Jack Bicer, director of vulnerability research at Action1, said patching this vulnerability is “the most urgent concern” because it is actively being exploited by any attacker who can get any level of local access.
“Active exploitation means real incidents are already occurring,” he pointed out. “This vulnerability is likely to be combined with phishing, browser-based attacks, malicious documents, or other initial footholds to achieve full system takeover. The attack potential includes disabling security tooling, accessing sensitive information, moving laterally across the organization’s network, and establishing persistent high-privilege access. Because the impacted driver is widely deployed across enterprise environments, the exposure is broad and the potential operational consequences significant.”
IT executives should ensure operational teams allocate resources to accelerated patching, enforce least-privilege access controls, and strengthen monitoring for anomalous activity across systems that cannot be patched immediately, he stressed. “A focused, time-bound remediation plan, beginning with actively exploited and RCE vulnerabilities, will provide the greatest reduction in organizational risk and the strongest defense against potential widespread compromise,” he said.
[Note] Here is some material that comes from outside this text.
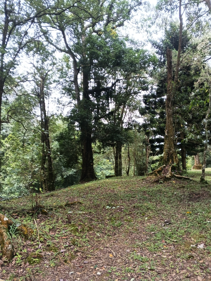 The image displays a dense, verdant forested area, consistent with natural terrain within or bordering Tây Ninh, Vietnam. The foreground presents a ground path or cleared section, sloping gently uphill towards the center. This ground is covered with a mixture of dry leaves, sparse green grass, and visible patches of dark soil and earth. On the lower left, exposed moss-covered rock and tree roots are present. The midground and background are dominated by numerous tall, mature trees, exhibiting dark, rough trunks and dense canopies of green foliage. Several tree species are identifiable, including broadleaf trees with wide crowns and coniferous trees, notably a cluster resembling pines on the right side. Large, exposed root systems anchor a prominent tree in the mid-right. Overhead, the sky is largely obscured by the tree canopy, with diffused light filtering through, indicating an overcast or heavily shaded condition. No human individuals, animals, or artificial structures are discernible within the frame.

Unfortunately, said Kevin Breen, senior director of cyber threat research at Immersive, Microsoft has not provided any details on how this exploit is being abused or provided any indicators of compromise, making it harder for defenders to start proactive threat hunting.
Holes in Exchange Server
Michael Walters, president of Action1, drew attention to two vulnerabilities in Microsoft Exchange Server:
CVE-2025-64666, an escalation of privilege (EoP) hole allowed by improper input validation;
CVE-2025-64667, which allows a threat actor to spoof over a network.
While rated Important and assessed as exploitation Less/Unlikely, Walters notes that these flaws affect core messaging and identity surfaces, and can become critical when chained, such as by spoofing enabling phishing, or EoP facilitating mailbox theft.
Tyler Reguly, associate director of R&D at Fortra, said CSOs should assign priority to two other vulnerabilities that Microsoft rated as critical this month.
CVE-2025-62557, a use after free vulnerability in Microsoft Office that allows an unauthorized attacker to execute code locally;
CVE-2025-62554, described as an access of resource using incompatible type (‘type confusion’) hole in Microsoft Office that allows an unauthorized attacker to execute code locally.
Because these list the Outlook Preview Pane as an attack vector, they worry Reguly. “I always find that one of the scariest attack vectors that can be listed,” he said. “Vulnerabilities that don’t rely on user interaction are vulnerabilities that we want to pay attention to.”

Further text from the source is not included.